Data excerpts:
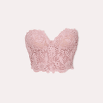 This delicate lace bustier showcases an intricate floral pattern, offering a romantic and timeless appeal. Its structured design adds both comfort and elegance, perfect for pairing with formal or modern ensembles.
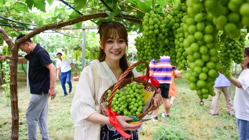 晶莹剔透的葡萄,似座座珍珠塔,如堆堆翡翠珠。开幕仪式结束后,葡小淘原生态葡萄苑正式开园,游人三三两两穿梭在一排排郁郁葱葱的葡萄架间,寻觅藏于园内的“宝藏”。步入葡萄采摘园,一串串红如玛瑙、紫如水晶的葡萄挂满枝头,果香四溢。在葡萄品鉴区,巨峰、夏黑、阳光玫瑰等多个品种葡萄依次排开,秦汉新城文明办工作人员将葡萄逐一摆好供游客品尝,让大家尽情感受沁人心脾的香甜。
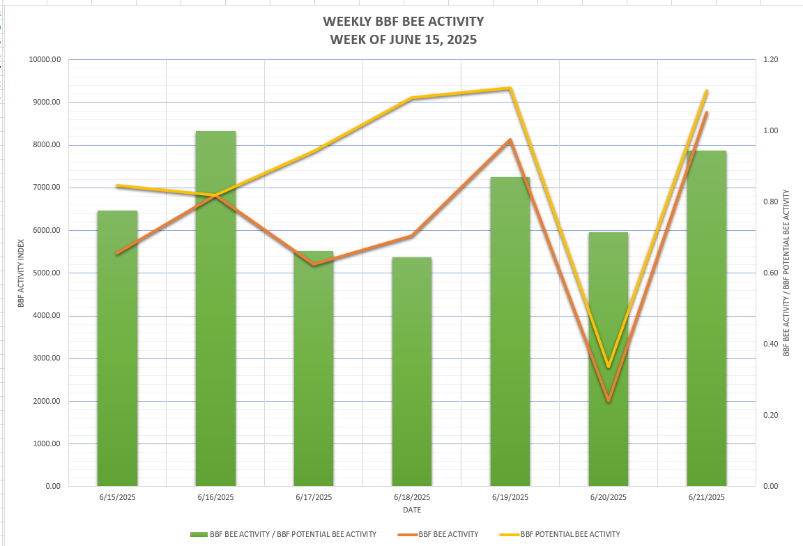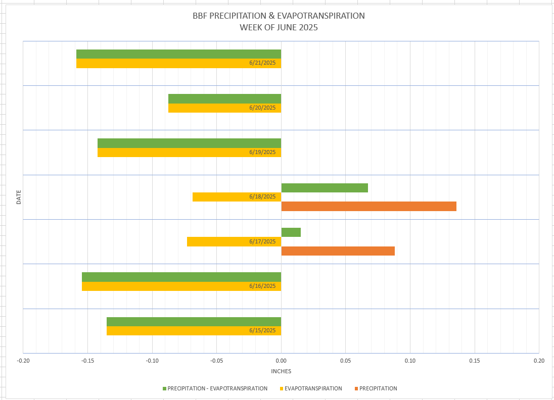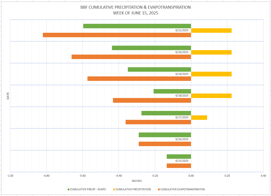This chart shows the amount of precipitation (moisture incoming) to evapotranspiration (moisture outgoing) plotted on a daily basis for the week. If the evapotranspiration exceeds the precipitation value it indicates a negative moisture balance which can effect nectar flow and perhaps the need to provide water to hives.At Black Birch Farm Apiaries we monitor Soil Moisture, Precipitation, and Evapotranspiration to determine moisture stress on both hive activity and nectar flow.
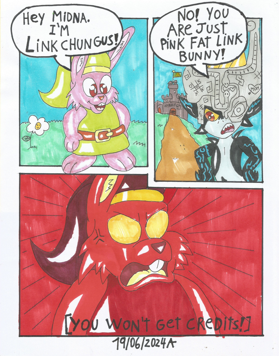 Es un chiste personal. Cuando jugue TLOZ y porfin llegue a la fase donde Link se convierte en un conejo rosado sin saber nada de lo que pasaba. Lo llame "Link Chungus" por el meme. Nótese tambien lo bien "detallado" que esta el casco de Midna igual que el original. Saludos y sigan dibujando.
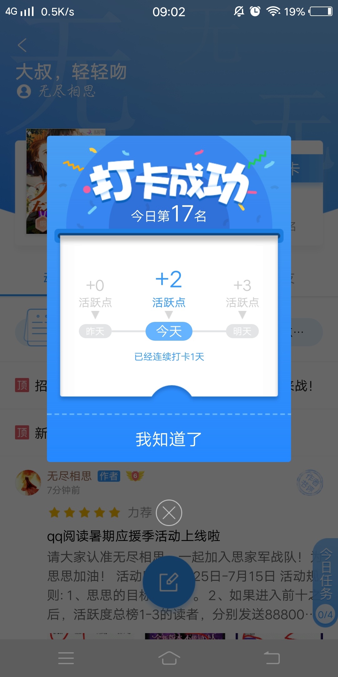 1. Check in every day, and after completing today's task, take a screenshot in the book review area, and 3 people will be randomly selected and sent a red envelope of 100 book coins. Every day, the list will be announced in the comment area. 2. This activity is valid for a long time, and the number of places will be increased later depending on the situation. 3. You must have 100 fan points to participate in the event. No fan points will be invalid. 4. This activity will increase the support value. Those who have the top three check-in times from June 25th to July 15th and join the support group (the same number of times will be prioritized by time) will be rewarded with 6,000 book coins. 5. The daily red envelope is available to everyone. 6. The more you complete today's tasks, the easier it is to win!
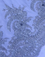 Conception : confectionnée à partir de fines couches de crêpe et de tulle translucide, ornée de broderies argentées délicatement réalisées à la main et de subtiles touches de cristal qui capturent l'essence de la haute couture moderne.
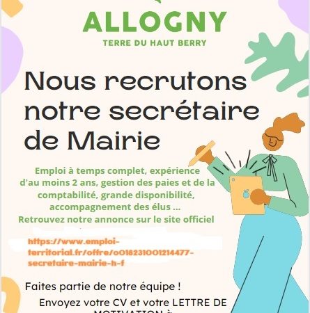 Lire la suiteNous recrutons notre secrétaire de Mairie, retrouver l’annonce sur : https://www.emploi-territorial.fr/offre/o018231001214477-secretaire-mairie-h-f
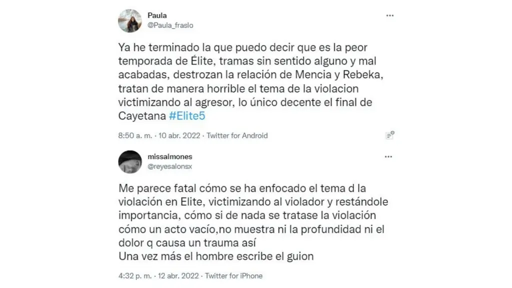 La incierta muerte de Samu no es el único hecho comentado en redes sociales sobre la quinta temporada de ‘Élite’, algunos espectadores han criticado la forma en que se abordó el tema de la violación.
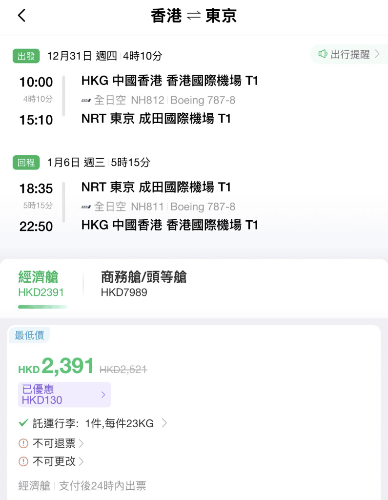 以12月31日出發,1月6日返回為列,香港飛東京成田來回連稅$2,391起
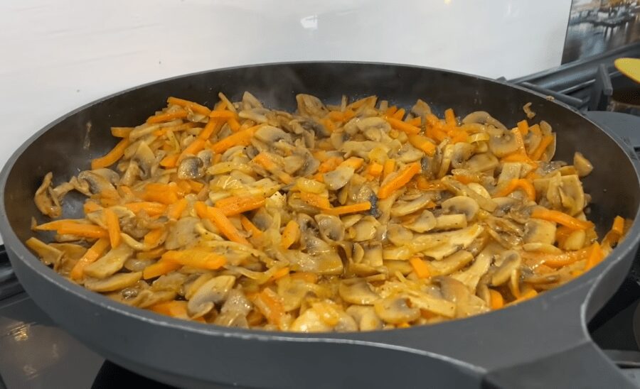 Печериці миємо та нарізаємо тонкими пластинками. Обсмажуємо гриби на пательні. Спочатку перекладаємо їх на суху пательню. Гриби почнуть випускати вологу, коли вся рідина випарується, додаємо до них олію, сіль, перець та паприку. На цьому етапі додаємо до грибів цибулю нарізану тонкими четверть кільцями. Смажимо гриби з цибулею 5 хвилин на середньому вогні. Далі додаємо на сковорідку моркву. Її треба нарізати тонкою соломкою. Смажимо гриби з овочами до м’якості моркви. Далі гриби з овочами треба охолодити.
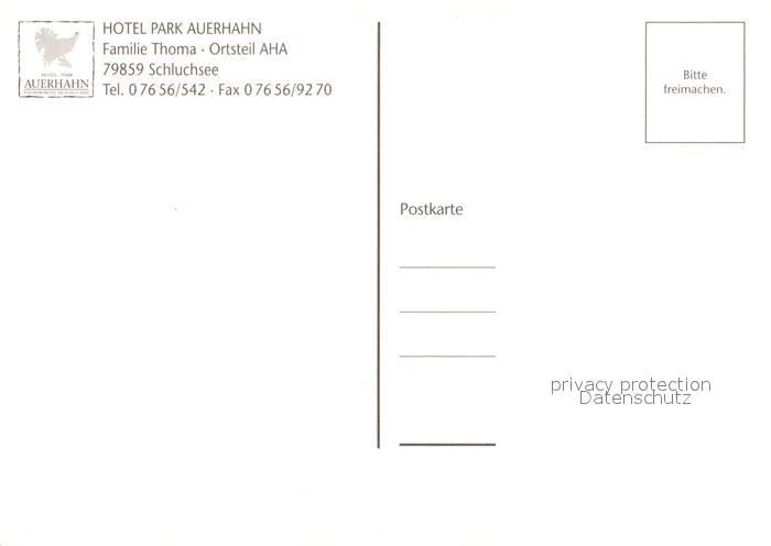 73166968 Schluchsee Hotel Park Auerhahn postalisch nicht gelaufen Erhaltung siehe scans [KathaD81] KatCode: 11110008315102
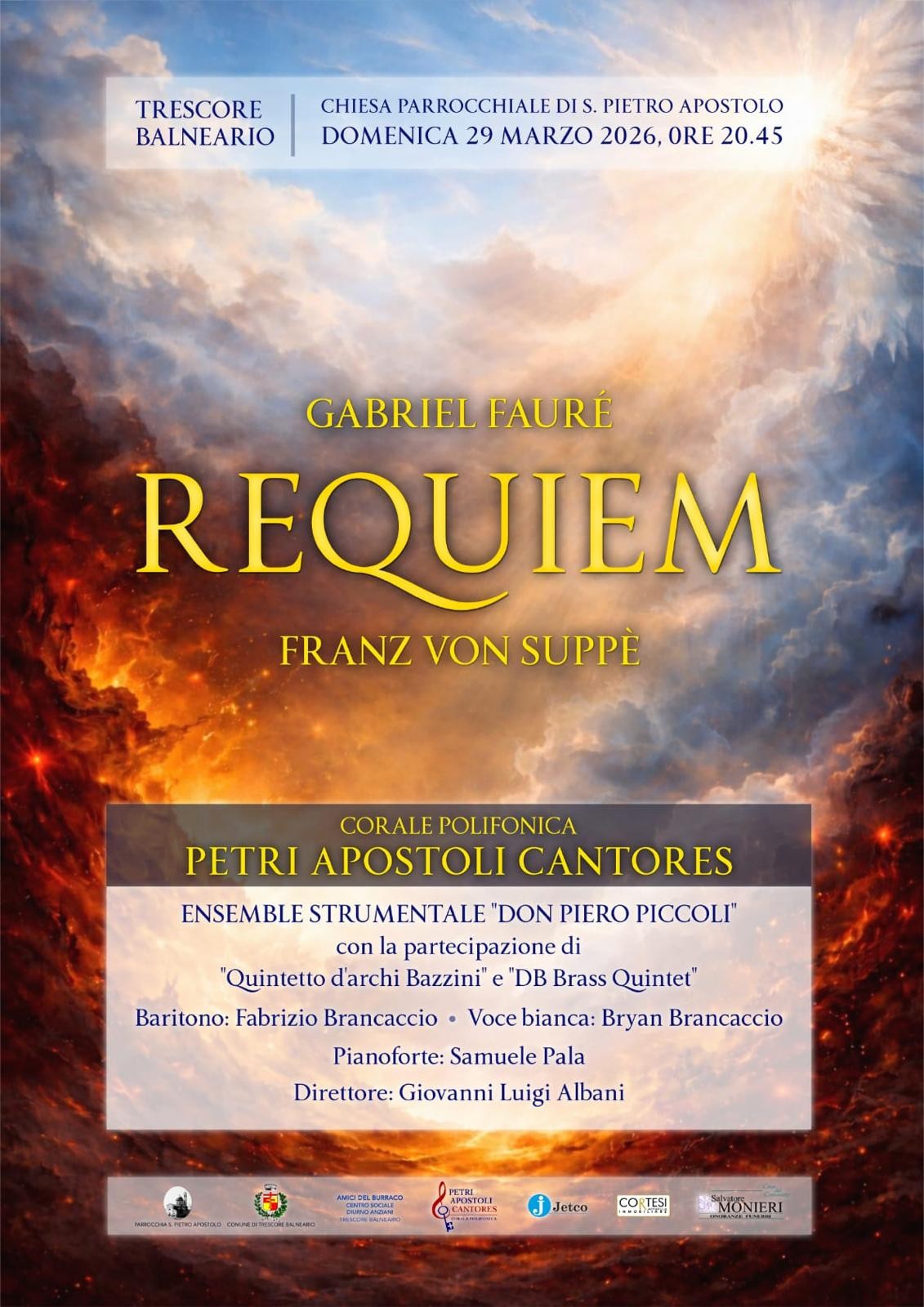 Alla Chiesa parrocchiale di San Pietro apostolo di Trescore Balneario, รจ in programma un'elevazione musicale della Corale Petri apostoli cantores, con la partecipazione del Quintetto d'archi Bazzini e DB Brass Quintet.
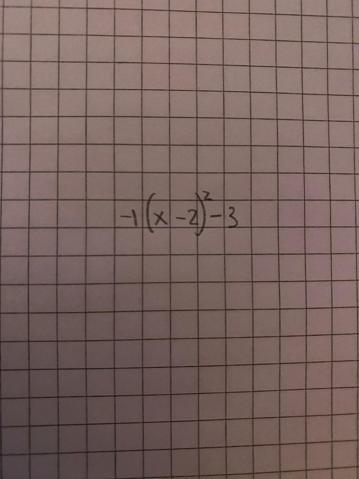 För jag gav upp efter ett tag & testa att scanna in -1(x-2)^2 -3 i en app som räknar ut utryck på olika vis steg för steg så man liksom kan se stegen & förstå vart man själv typ gjort fel/tänker fel, appen ger olika förslag på hur man kan räkna & visar stegen, men den appen gav inte heller ut ett svar som ger: -(x-2)^2 -3 =/
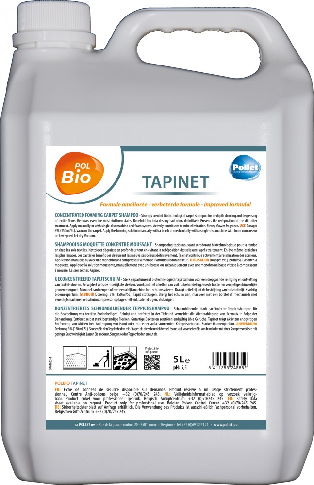 Polbio Tapinet, 5L, probiotikus hatásmechanizmusú habzó kárpittisztítószer kézi és egytárcsás tisztításra.
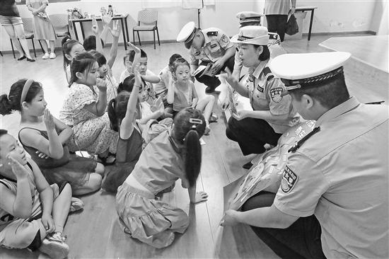 7月17日,山西运城,几名民辅警走进新绛县一家艺术教育培训中心,为放暑假的小朋友讲解交通安全常识。“三伏”天里,新绛县公安局交警大队组织民辅警持续开展主题“清凉一夏”保平安暑期交通安全宣传,提醒人们遵守交通法规,平平安安“清凉一夏”。

The task:
All lines above between the line that contains "Alla Chiesa parrocchiale" and the last line of the entries, both included, must be transcribed exactly. No pictures are to appear.

Output for this exercise:
 Alla Chiesa parrocchiale di San Pietro apostolo di Trescore Balneario, รจ in programma un'elevazione musicale della Corale Petri apostoli cantores, con la partecipazione del Quintetto d'archi Bazzini e DB Brass Quintet.
 För jag gav upp efter ett tag & testa att scanna in -1(x-2)^2 -3 i en app som räknar ut utryck på olika vis steg för steg så man liksom kan se stegen & förstå vart man själv typ gjort fel/tänker fel, appen ger olika förslag på hur man kan räkna & visar stegen, men den appen gav inte heller ut ett svar som ger: -(x-2)^2 -3 =/
 Polbio Tapinet, 5L, probiotikus hatásmechanizmusú habzó kárpittisztítószer kézi és egytárcsás tisztításra.
 7月17日,山西运城,几名民辅警走进新绛县一家艺术教育培训中心,为放暑假的小朋友讲解交通安全常识。“三伏”天里,新绛县公安局交警大队组织民辅警持续开展主题“清凉一夏”保平安暑期交通安全宣传,提醒人们遵守交通法规,平平安安“清凉一夏”。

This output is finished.